┌──

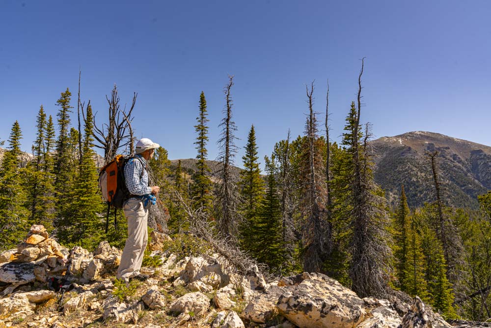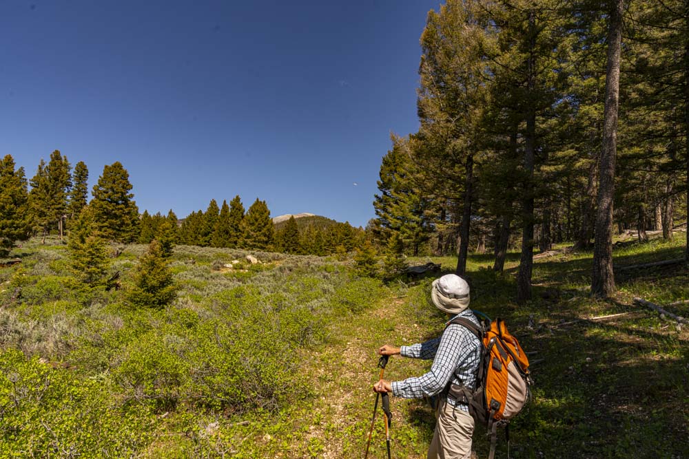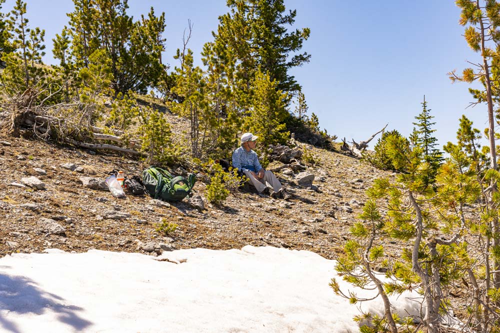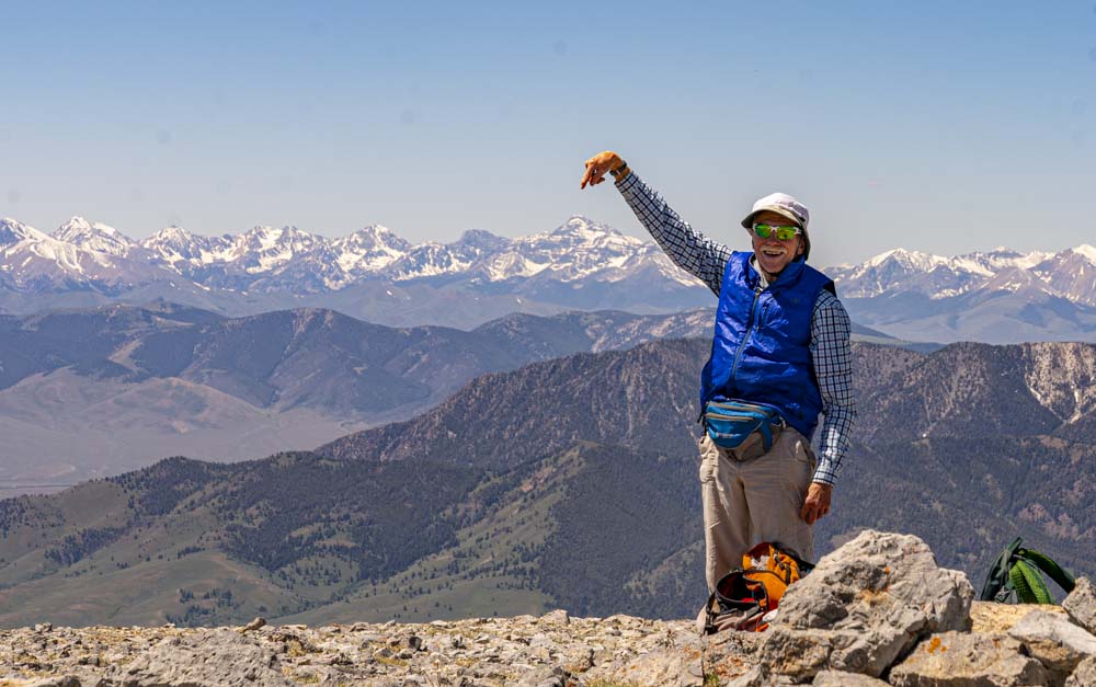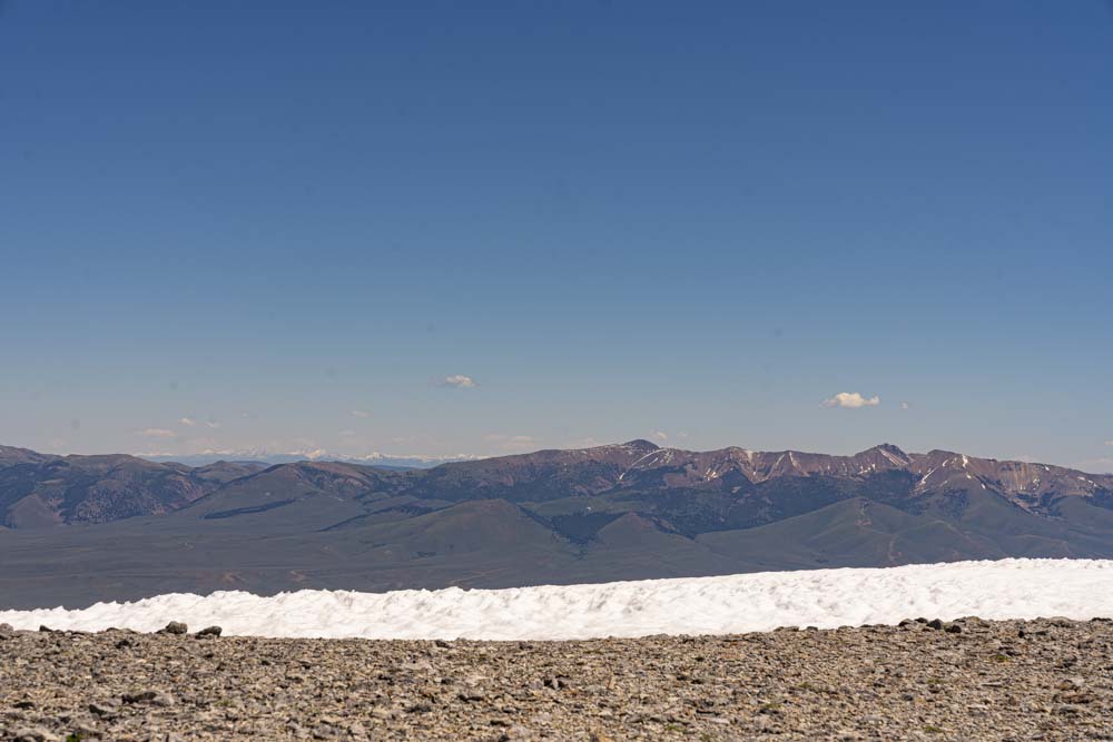 On the flank of Peak 9188, we marveled at the clarity of the skies. On the far right, Mount Borah peaks over Bear Mountain. FYI, Mount Borah is the highest peak in Idaho at well over 12,000 feet.
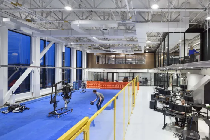 Creating a corporate headquarters that would support Boston Dynamics’ rapidly growing engineering, research and development, and customer support teams while not losing sight of what is at the core of their culture – collaboration, wellness, and connectivity – was one of the primary objectives. The laboratories also needed to be adaptable to their ever-changing environment and durable enough to withstand the activity of the engineers and robots.
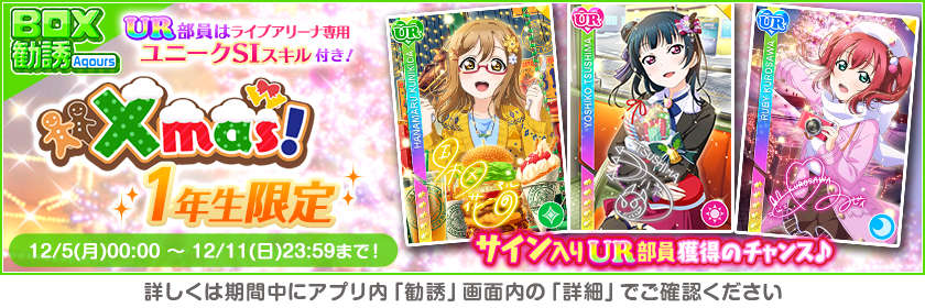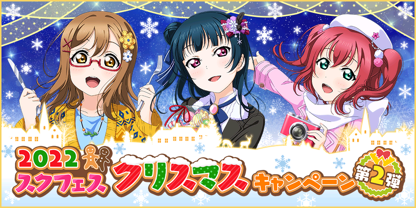 株式会社ブシロード(本社:東京都中野区、代表取締役社長:木谷高明)は、KLab株式会社(本社:東京都港区、代表取締役社長:森田英克)と共同開発いたしましたスマートフォン向けアプリ『ラブライブ!スクールアイドルフェスティバル』(以下、スクフェス) において2022スクフェスクリスマスキャンペーン第2弾の開催をお知らせいたします。
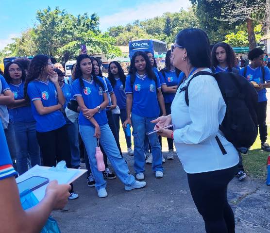 Antes da visita técnica, na escola, os estudantes participaram de uma palestra com o secretário e Aline. Eles apresentaram aos jovens o funcionamento da Setur; a importância da regulamentação da profissão; as responsabilidades do guia de turismo e o papel do setor como indústria limpa, que gera renda, emprego e oportunidades.
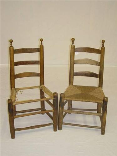 (2) 18TH CENT. SOUTHERN MAPLE and ASH LADDERBACK SIDE CHAIRS W/ ROUND FINIALS (PROBABLY VIRGINIA) - WORN FINISH, IMPERFECTIONS;
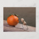 Einfache Dinge - Miniatur mit Erdnussmann, der schwere Orange auf den Hügel als Sysiphus-Konzept drückt
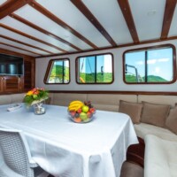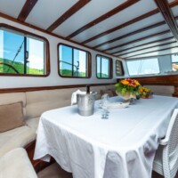 Sirena is a beautiful classic ketch design gulet, based in Zadar, Croatia. Sirena is a luxury gulet, 28 metres in length, with 6 en suite fully air conditioned cabins, she can accommodate up to 12 guests in style and comfort. The cabins consist of 6 double cabins tastefully styled and equipped. There is a spacious salon, which is also air conditioned and offers an indoor seating and dining area, with TV, music system, internet and bar area.

└──

> _Exercise aim_
Your answer must be exactly the lines from the one with "(2) 18TH CENT." through the final line of the data, with no pictures in it.

> _Solution below_
 (2) 18TH CENT. SOUTHERN MAPLE and ASH LADDERBACK SIDE CHAIRS W/ ROUND FINIALS (PROBABLY VIRGINIA) - WORN FINISH, IMPERFECTIONS;
 Einfache Dinge - Miniatur mit Erdnussmann, der schwere Orange auf den Hügel als Sysiphus-Konzept drückt
 Sirena is a beautiful classic ketch design gulet, based in Zadar, Croatia. Sirena is a luxury gulet, 28 metres in length, with 6 en suite fully air conditioned cabins, she can accommodate up to 12 guests in style and comfort. The cabins consist of 6 double cabins tastefully styled and equipped. There is a spacious salon, which is also air conditioned and offers an indoor seating and dining area, with TV, music system, internet and bar area.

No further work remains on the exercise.